One of the good things about Alphinland is that she can move the more disturbing items from her past through its stone gateway and store them in there on the memory palace model much in use in, when was it? The eighteenth century? You associate the things you want to remember with imaginary rooms, and when you want total recall you go into that room.

Thus she keeps a deserted winery in Alphinland, on the grounds of the stronghold currently held by Zymri of the Adamant Fist – an ally of hers – for the sole purpose of Gavin. And since it’s one of the rules about Alphinland that Ewan has never been allowed through the stone gateway, he’ll never find that winery or discover who she’s got stashed inside it.

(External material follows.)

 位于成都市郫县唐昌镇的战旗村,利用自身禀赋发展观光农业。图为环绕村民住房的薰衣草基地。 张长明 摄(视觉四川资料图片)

So Gavin’s in an oak cask in the winery. He’s not suffering, although objectively he might deserve to suffer. But Constance has worked at forgiving Gavin, so he’s not allowed to be tortured. Instead he’s preserved in a state of suspended animation. Every once in a while she stops by the winery and presents Zymri with a gift intended to cement their alliance – an alabaster jar of honeyed Xnamic urchins, a collar of Cyanoreen claws – and says the charm that unlocks the top of the cask and has a look. Gavin is slumbering peacefully. He was always handsome with his eyes closed. He doesn’t look a day older than the last time she saw him. It still hurts her to remember that day. Then she replaces the top of the cask and says the charm backwards, sealing Gavin inside until she feels like dropping in for another peek at him.

In real life, Gavin won a few prizes for his poetry and then got a tenured position teaching Creative Writing at a university in Manitoba, though since retiring he’s decamped to Victoria, British Columbia, with a lovely view of the Pacific sunset. Constance receives a Christmas card from him every year; actually, from him and his third and much younger wife, Reynolds. Reynolds, what a dumb name! It sounds like a cigarette brand of the ’40s, back when cigarettes took themselves seriously.

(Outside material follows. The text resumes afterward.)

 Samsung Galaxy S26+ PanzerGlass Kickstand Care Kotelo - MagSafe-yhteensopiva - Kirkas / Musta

Reynolds signs the cards for both of them – Gav and Rey, they go by – and encloses chirpy, irritating annual letters about their vacations (Morocco! So lucky they’d packed the Imodium! Though, more recently: Florida! So good to be out of the drizzle!). She also sends an annual account of their local Literary Fiction reading group – only important books, only intelligent books! Right now they’re tackling Bola?o, hard work but so worth it if you persist! The club members prepare themed snacks to go with the books they’re reading, so Rey is learning to make tortillas, from scratch. Such fun!